Decomposition analysis
The decomposition of the CI was performed to estimate the individual contribution of explanatory variables to inequalities in the outcome variables. The contribution of every individual characteristic is defined as the product of how sensitive that characteristic is to health and the extent of inequality in that factor [21].
Decomposition of the healthcare inequality relies on the assumption that the healthcare is a linear function of the outcome variables. This is important because in decomposition analysis the concentration indices are calculated using the predictions from a linear regression model [21].
The starting point was to express a linear function of the outcome variables in relation to the NHIS variable as well as other demographic and socioeconomic control variables. This is given as:
$$ y=\mathrm{a}+{\sum}_k{\beta}_k{x}_k+\upvarepsilon $$
(2)
Where x represents the vector of explanatory variables, including NHIS status.

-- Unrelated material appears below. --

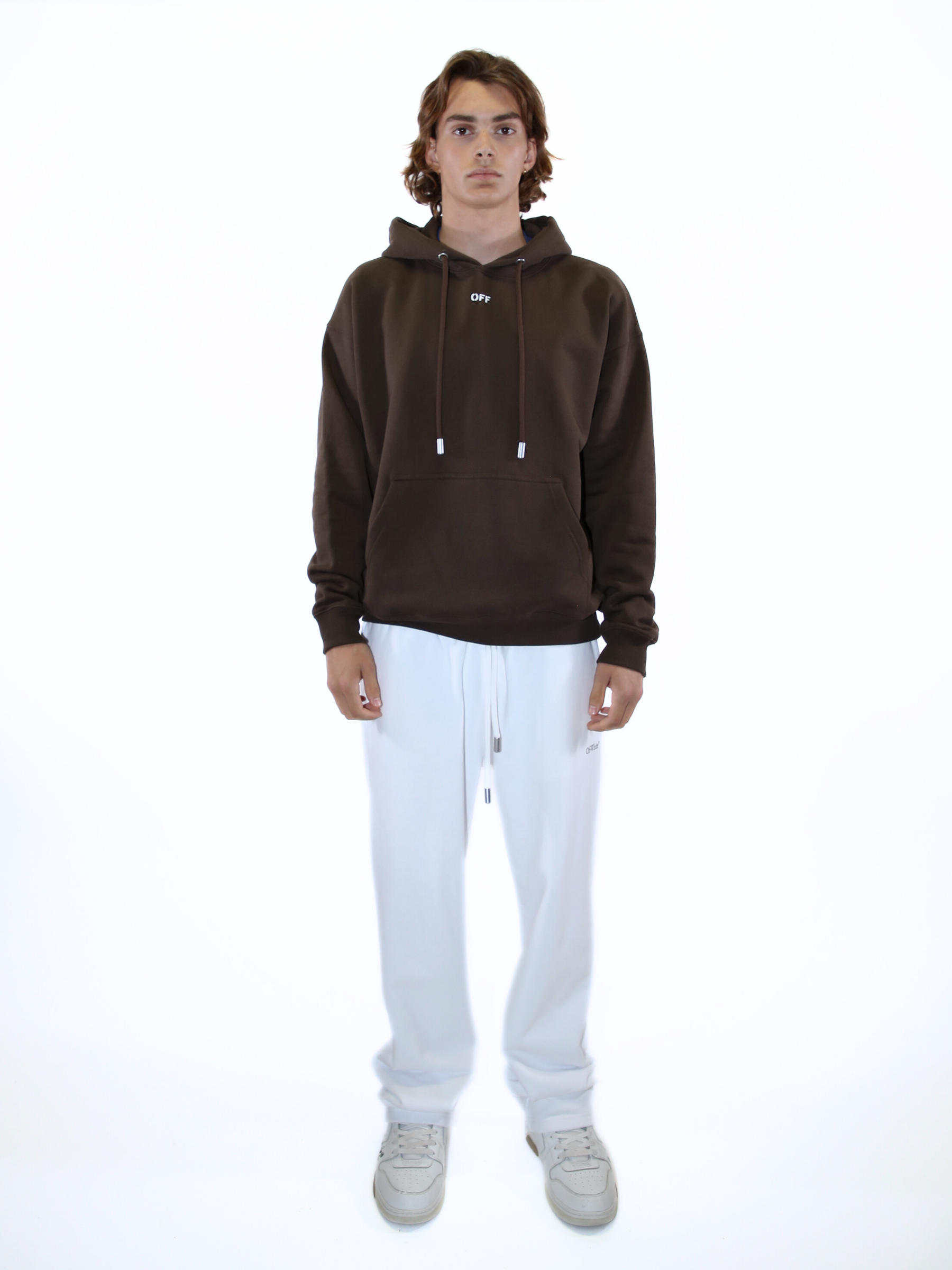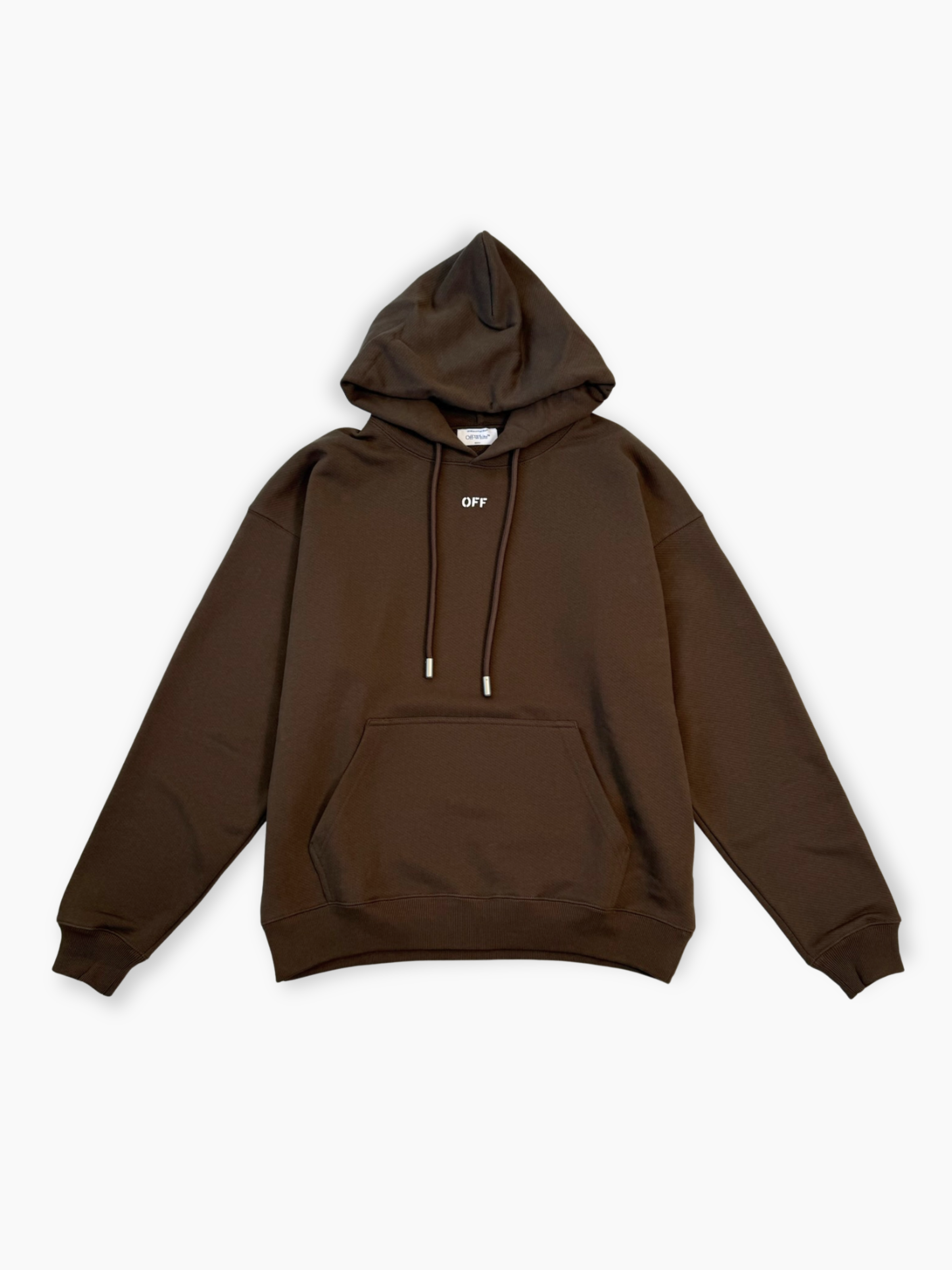 Felpa marrone Off-White realizzata in morbido cotone. Il modello presenta cappuccio regolabile con coulisse, tasca frontale a marsupio e piccolo logo “OFF” bianco stampato sul petto. Un capo essenziale e contemporaneo, perfetto per look casual dallo stile raffinato e minimal.

Following Wagstaff, Doorslaer, & Watanabe [21], the standard concentration index (CI) for outcome variable y can be written as
$$ \mathrm{CI}\left(\mathrm{y}\right)={\sum}_k\left({\beta}_k{\overline{x}}_k/\upmu \right)\;{c}_k+\mathrm{G}{C}_{\varepsilon }/\upmu $$
(3)
Where CI(y) is the standard concentration index, \( {\overline{x}}_k \) is the mean of xk, ck is the CI for xk, μ is the mean of y, G Cε is the generalized CI for the error term (ε). From equation (3), two important grouping can be made; (i) the first term on the right-hand side of the equation expresses a weighted sum of the CI of k regressions, where the weight \( {\overline{x}}_k \) is the elasticity of y with respect to xk (ηk = \( {\beta}_k{\overline{x}}_k \) / μ). (ii) the second term on the right-hand side is the residual element which expresses the portion of inequality that cannot be explained by the contributing variables. Statistical significance of the CIs as well as the decomposition analysis was calculated using the bootstrapping technique with robust standard errors [7].
Description of variables
In this study, we focused on pregnancy-related maternal health care utilization indicators. Specifically, we used, at least four ANC visits, and delivery by skilled attendants. Outcomes were measured as dummy variables that take the value of one if a woman had utilized the service and 0 otherwise.

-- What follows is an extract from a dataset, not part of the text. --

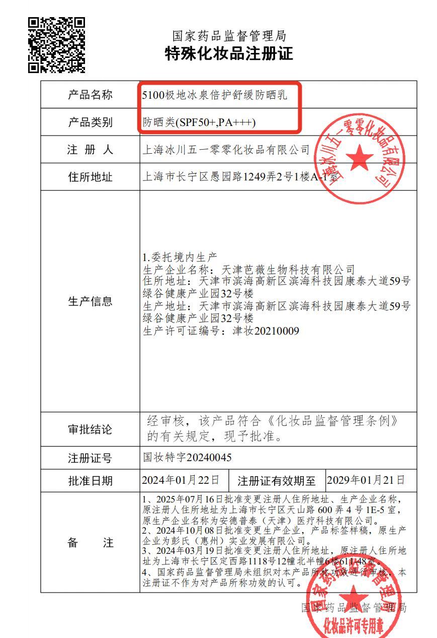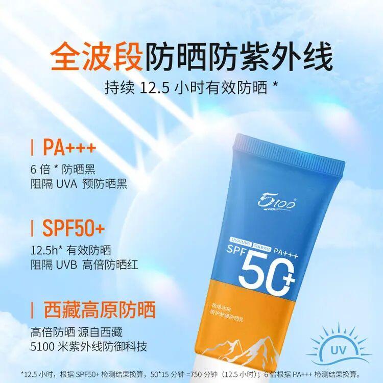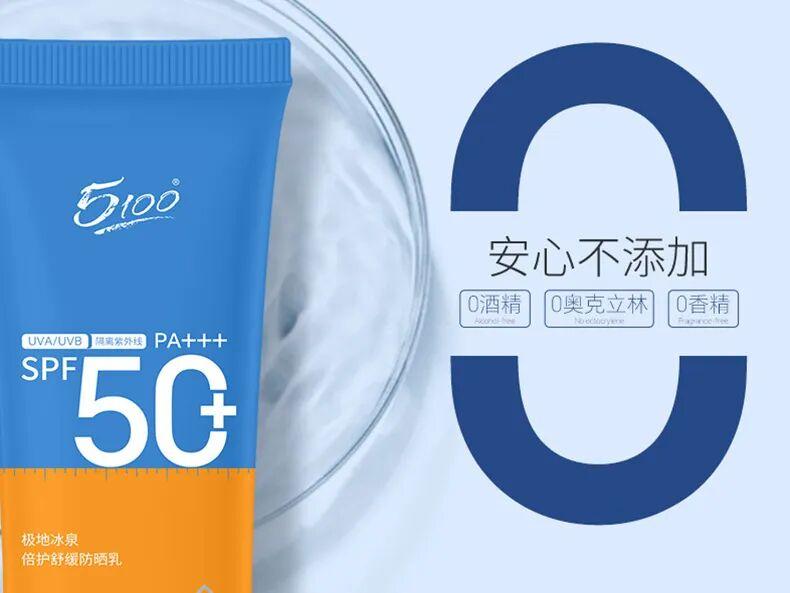 5100極地冰泉防曬乳SPF50+,PA+++,而且做到了全波段防曬。

In terms of socioeconomic indicators, the GDHS collects household asset information that is used to compute a wealth index. This wealth index has been shown to be strongly correlated with the economic and social status of the household [18]. Other variables included community, household and individual characteristics. The GDHS collects demographic and socioeconomic variables such as education, place of residence, age, gender, health facility in community, health insurance coverage, region of residence, sanitation, family size, among others.